Bug in Series of AMD Processors Causes Data Loss by Dividing by Zero

A vulnerability in AMD processors has been discovered, which can lead to data leakage during operations on the same CPU core when encountering a #DE (Divide Error) caused by division by zero. This issue only affects AMD Zen1 processors, specifically AMD Epyc 7001, AMD Athlon 3000, AMD Ryzen 3000 with GPU Radeon, AMD Athlon Pro 3000 with GPU Radeon Vega, and AMD Ryzen Pro 3000 with GPU Radeon Vega. The vulnerability is detailed in CVE-2023-20588.

The vulnerability stems from the fact that when a #DE exception occurs due to division by zero, the processor speculatively redirects the result of the previous division operation. This is because there is only one divider in the CPU with microarchitecture in the pipeline that handles operations in various threads. On vulnerable systems, an attacker can exploit this to determine the result of the previous division operation performed on the same CPU core in other contexts, such as in another process or outside the virtual machine.

In practical terms, this vulnerability can be used to establish an undisclosed data transmission channel between processes, sandboxed applications, or virtual machines.
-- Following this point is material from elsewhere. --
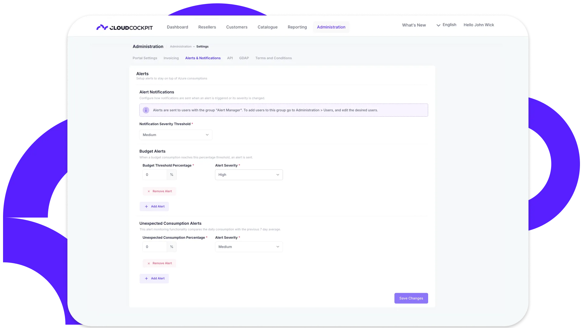 Configure alerts based on severity levels—low, medium, high, or critical—directly within the portal.

It bypasses systemic access control mechanisms and does not require system calls. Additionally, the vulnerability allows an attacker to obtain information about previous actual or speculative execution of the DIV instruction from user space. This can be particularly concerning for operations involving sensitive data at higher privilege levels, such as cryptographic operations.

Patches have already been developed to address this vulnerability in the Linux kernel
and the Xen hypervisor
[source]. The issue is resolved by re-recording the division buffer during context switching. However, the fix is only effective when symmetric multi-threading (SMT) is disabled.